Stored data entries
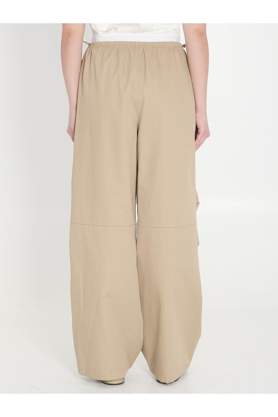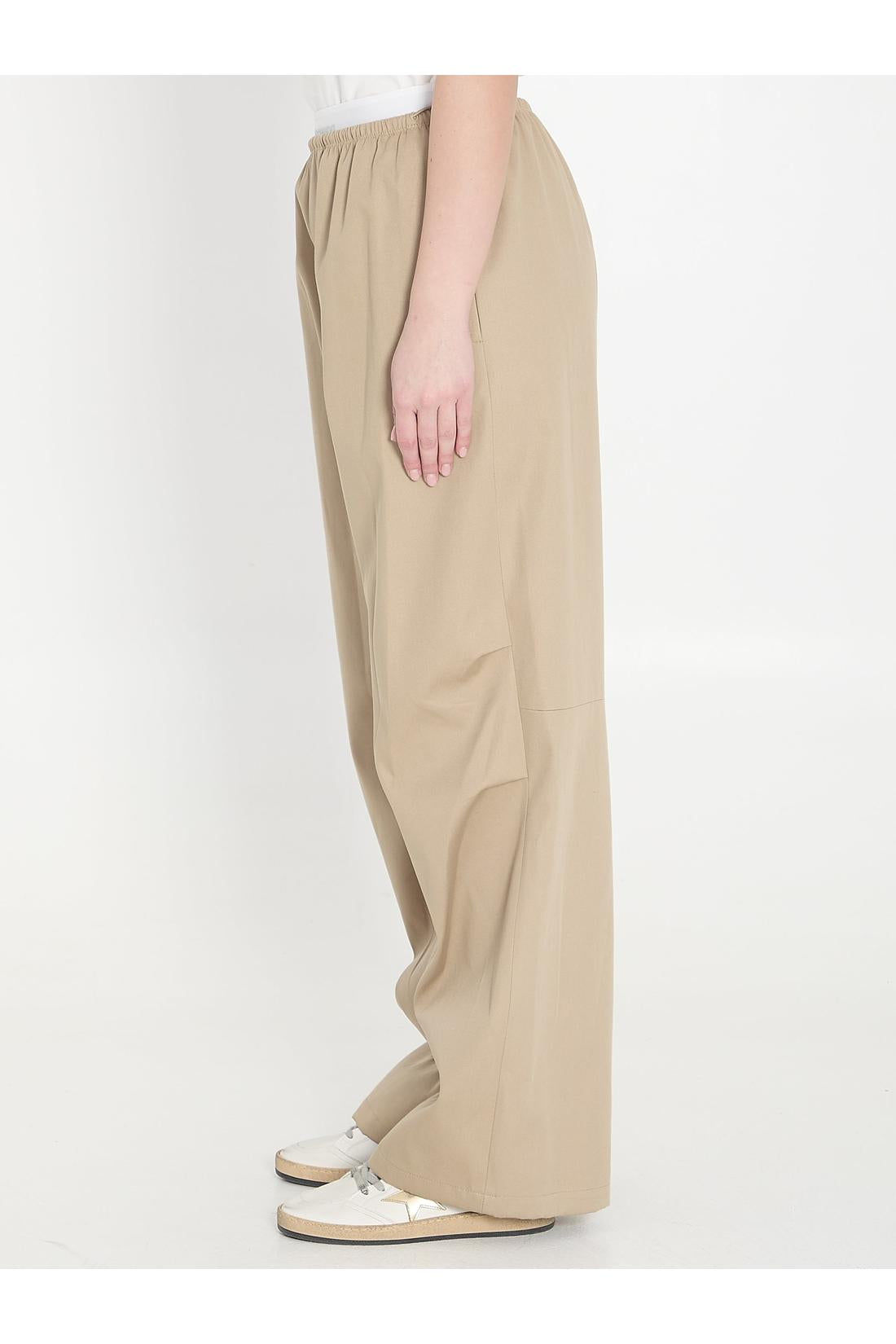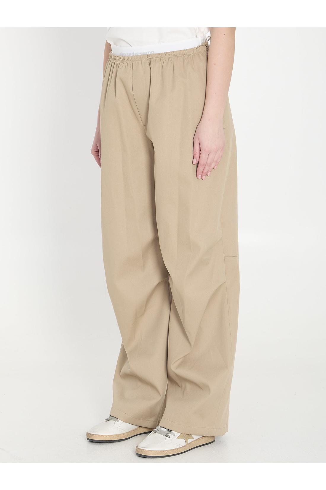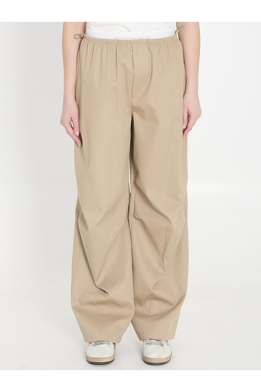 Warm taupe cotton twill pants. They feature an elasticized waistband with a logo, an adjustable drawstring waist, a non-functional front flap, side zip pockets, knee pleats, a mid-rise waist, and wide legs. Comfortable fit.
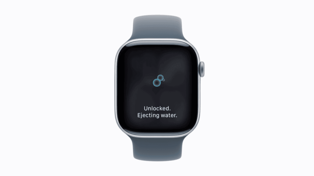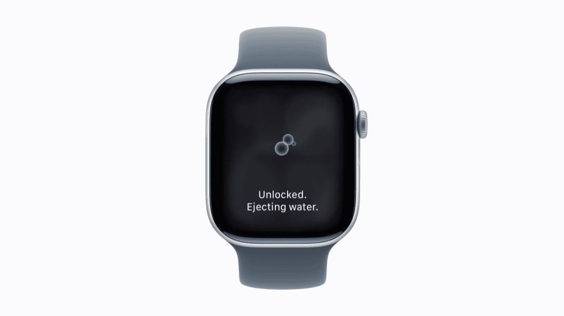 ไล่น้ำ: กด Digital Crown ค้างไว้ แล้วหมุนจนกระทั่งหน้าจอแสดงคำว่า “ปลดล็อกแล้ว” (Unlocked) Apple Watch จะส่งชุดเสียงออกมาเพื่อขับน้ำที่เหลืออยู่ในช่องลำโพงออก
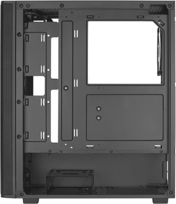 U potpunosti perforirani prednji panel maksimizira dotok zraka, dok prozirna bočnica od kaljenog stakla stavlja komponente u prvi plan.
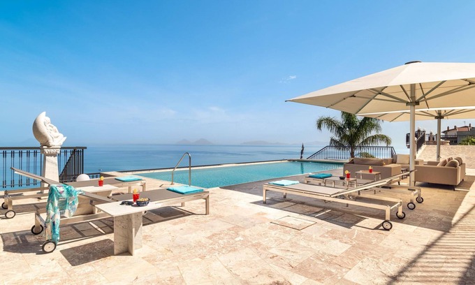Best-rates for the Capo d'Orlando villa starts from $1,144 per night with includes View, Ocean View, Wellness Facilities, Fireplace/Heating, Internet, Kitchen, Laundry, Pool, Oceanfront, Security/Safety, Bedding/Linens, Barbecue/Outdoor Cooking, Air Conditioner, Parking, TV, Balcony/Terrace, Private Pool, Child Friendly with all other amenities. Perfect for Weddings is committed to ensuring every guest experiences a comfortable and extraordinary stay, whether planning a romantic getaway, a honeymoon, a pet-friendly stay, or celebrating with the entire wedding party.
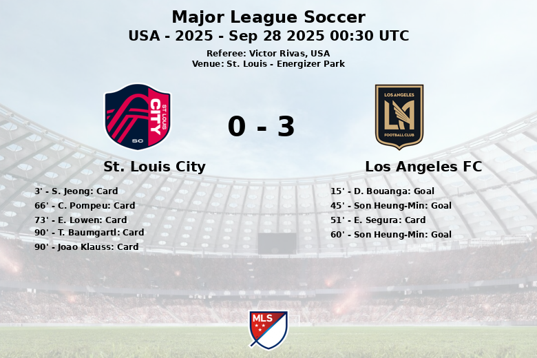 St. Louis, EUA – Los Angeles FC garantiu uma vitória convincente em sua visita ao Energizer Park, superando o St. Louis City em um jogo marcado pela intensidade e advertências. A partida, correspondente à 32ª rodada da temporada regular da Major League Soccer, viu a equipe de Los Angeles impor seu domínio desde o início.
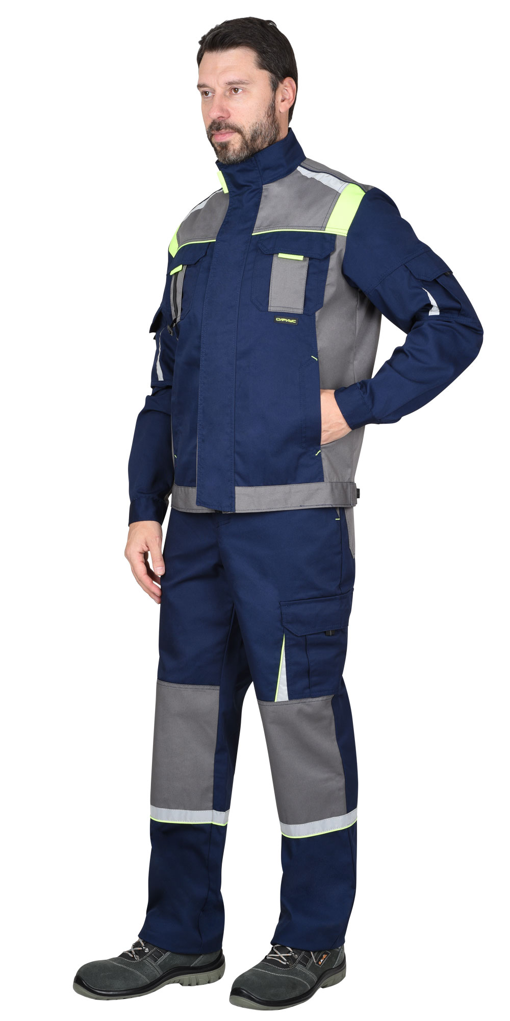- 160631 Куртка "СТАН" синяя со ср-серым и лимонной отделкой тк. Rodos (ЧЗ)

▶ [REQUIRED ACTION] Nothing in the records should be changed in the copy, but the pictures must be left out.

▶ [REPLY TO THE EXERCISE]
 Warm taupe cotton twill pants. They feature an elasticized waistband with a logo, an adjustable drawstring waist, a non-functional front flap, side zip pockets, knee pleats, a mid-rise waist, and wide legs. Comfortable fit.
 ไล่น้ำ: กด Digital Crown ค้างไว้ แล้วหมุนจนกระทั่งหน้าจอแสดงคำว่า “ปลดล็อกแล้ว” (Unlocked) Apple Watch จะส่งชุดเสียงออกมาเพื่อขับน้ำที่เหลืออยู่ในช่องลำโพงออก
 U potpunosti perforirani prednji panel maksimizira dotok zraka, dok prozirna bočnica od kaljenog stakla stavlja komponente u prvi plan.
Best-rates for the Capo d'Orlando villa starts from $1,144 per night with includes View, Ocean View, Wellness Facilities, Fireplace/Heating, Internet, Kitchen, Laundry, Pool, Oceanfront, Security/Safety, Bedding/Linens, Barbecue/Outdoor Cooking, Air Conditioner, Parking, TV, Balcony/Terrace, Private Pool, Child Friendly with all other amenities. Perfect for Weddings is committed to ensuring every guest experiences a comfortable and extraordinary stay, whether planning a romantic getaway, a honeymoon, a pet-friendly stay, or celebrating with the entire wedding party.
 St. Louis, EUA – Los Angeles FC garantiu uma vitória convincente em sua visita ao Energizer Park, superando o St. Louis City em um jogo marcado pela intensidade e advertências. A partida, correspondente à 32ª rodada da temporada regular da Major League Soccer, viu a equipe de Los Angeles impor seu domínio desde o início.
- 160631 Куртка "СТАН" синяя со ср-серым и лимонной отделкой тк. Rodos (ЧЗ)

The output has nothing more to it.